I made a very bright light with 6 parallel strings of 7 leds that were in series for 42 leds. I don't think they were fully bright and 4 strings would have sufficed. (I think 4 strings would give the same total brightness.)
The experiment was also to see if the frequency seemed to hurt the leds.
I believe it did NOT.

Anyway, to answer your question:
If you have a 25mA circuit that produces 120-180 spiky volts, the answer should be yes.
Be sure you have a very high permeability toroid, or this won't work.
Maybe a higher value series inductor will do it.

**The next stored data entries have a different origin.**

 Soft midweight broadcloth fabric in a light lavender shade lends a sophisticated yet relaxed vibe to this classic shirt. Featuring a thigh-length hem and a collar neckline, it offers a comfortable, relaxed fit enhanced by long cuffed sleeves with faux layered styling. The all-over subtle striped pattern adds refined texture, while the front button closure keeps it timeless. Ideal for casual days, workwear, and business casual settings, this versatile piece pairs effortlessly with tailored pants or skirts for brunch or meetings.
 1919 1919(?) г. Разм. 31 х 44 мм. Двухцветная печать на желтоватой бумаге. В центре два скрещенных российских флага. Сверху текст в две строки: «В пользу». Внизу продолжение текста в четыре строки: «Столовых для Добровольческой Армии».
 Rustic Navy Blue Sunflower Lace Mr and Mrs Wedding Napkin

I love this idea... please try it.

@Artic Knight
NOT a choke... OK?
The joule thief uses a high permeability toroid. the highest permeability you can find.
Type W is what you want.
I wasted $35 on a minimum order of chokes that wouldn't even turn the circuit on.
Maybe this can save you some trouble.

thank you,

jeanna

freepow

@ Jeanna, What do you mean when you say... Maybe a higher value series inductor will do it.

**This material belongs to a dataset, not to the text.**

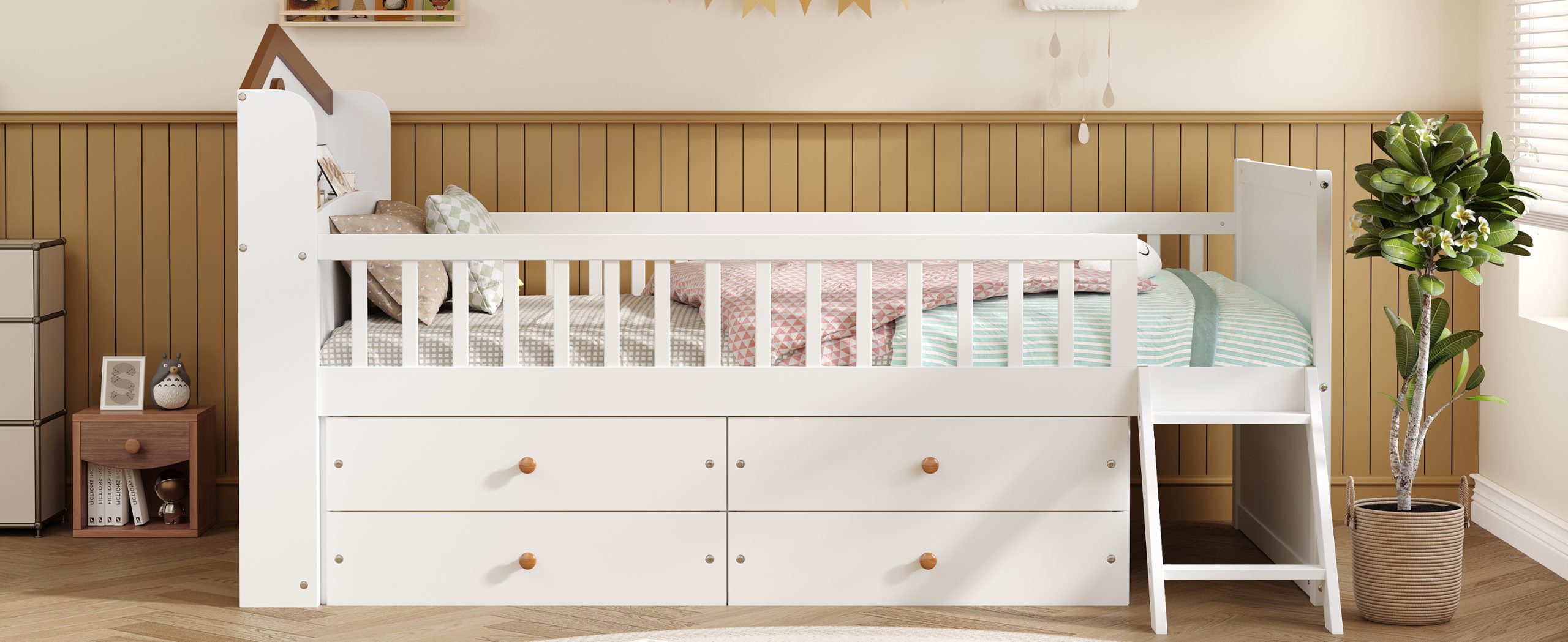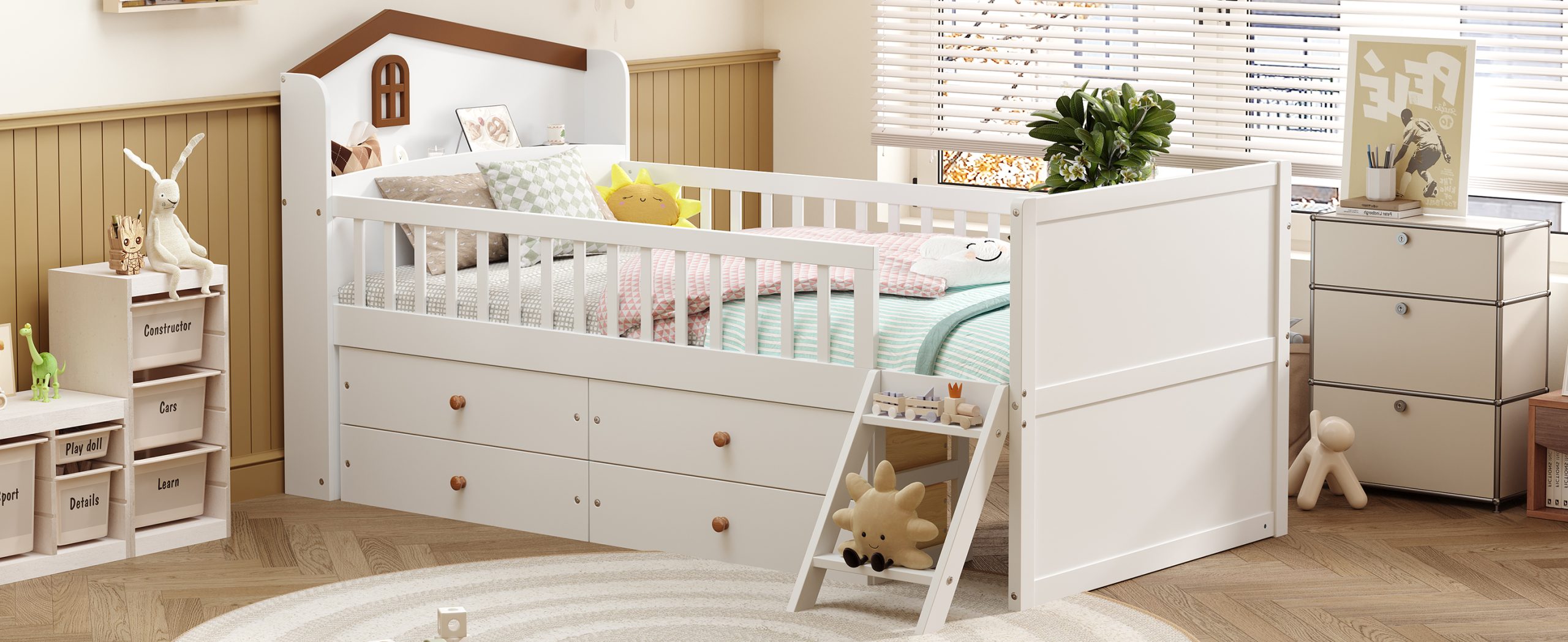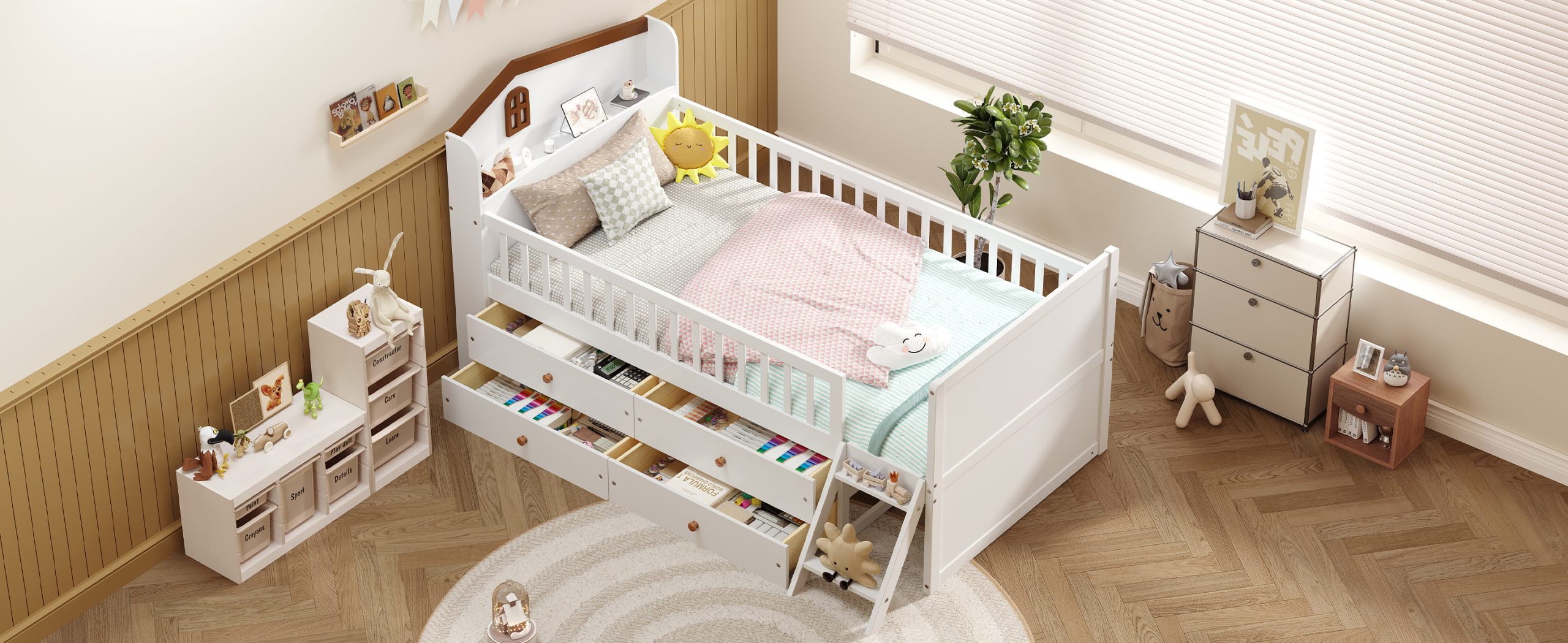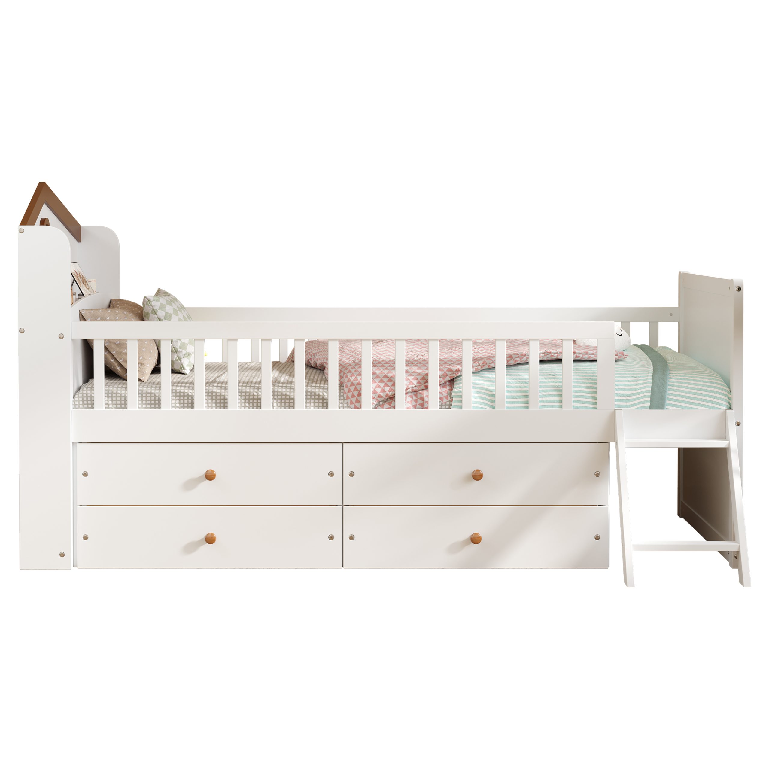 - [Twin Bed Frame with Storage 4 Drawers]: This twin bed frame for kids is designed with 4 storage drawers, offering plenty of space to store clothes, toys, bedding, and other essentials. These drawers help keep the room tidy and organized while maximizing storage efficiency.

@ All...   Does anyone here know if say you had a   2.7v 650F CAP, and you charged it up with mA's or Amps
             at only  1v, would the CAP still charge to its full capacity of Amps ,even though you only
             charged it to 1volt instead of 2.7v ????

teslaalset

Quote from: freepow on September 20, 2010, 07:22:17 AM
@ All...   Does anyone here know if say you had a   2.7v 650F CAP, and you charged it up with mA's or Amps
             at only  1v, would the CAP still charge to its full capacity of Amps ,even though you only
             charged it to 1volt instead of 2.7v ????

For a capacitor the following formula holds:

Q=C*U

Capacity C is given.
So, if you charge it up to 1 V, Q (charge) will be 1/2.7 of the maximum charge it can hold.
Charge (Q) en current (I) relate as:

I = Q/t or Q = I * t

In other words:

I * t = C * U

You can draw the conclusions.

freepow

 :)  To any one who may know the answer to this...
 
      Say I have a large Cap rated at  2.5v @ 55 F,  and I charge it at say  2.5v with so many mA's or Amps,
      Can I connect a meter to the Cap while charging and look at the meter to show the Cap charging up ???
     
      With the meter reading on Volts,  would I be able to tell when the Cap is fully charged by the meter ???

jeanna

Quote from: freepow on September 20, 2010, 07:22:17 AM
@ Jeanna, What do you mean when you say... Maybe a higher value series inductor will do it.

Hi freepow,
I meant more henries.
Quote
@ All...   Does anyone here know if say you had a   2.7v 650F CAP, and you charged it up with mA's or Amps
             at only  1v, would the CAP still charge to its full capacity of Amps ,even though you only
             charged it to 1volt instead of 2.7v ????

I am pretty sure the amps will be in a kind of proportion and not full charge until you have 2.7volts.
As the charge fills the "plates" of the cap the voltage builds, so the charge (or the stuff that makes amps) will come first and it fills both elements together.

The exception is the voltage spikes.
They do something different, as always!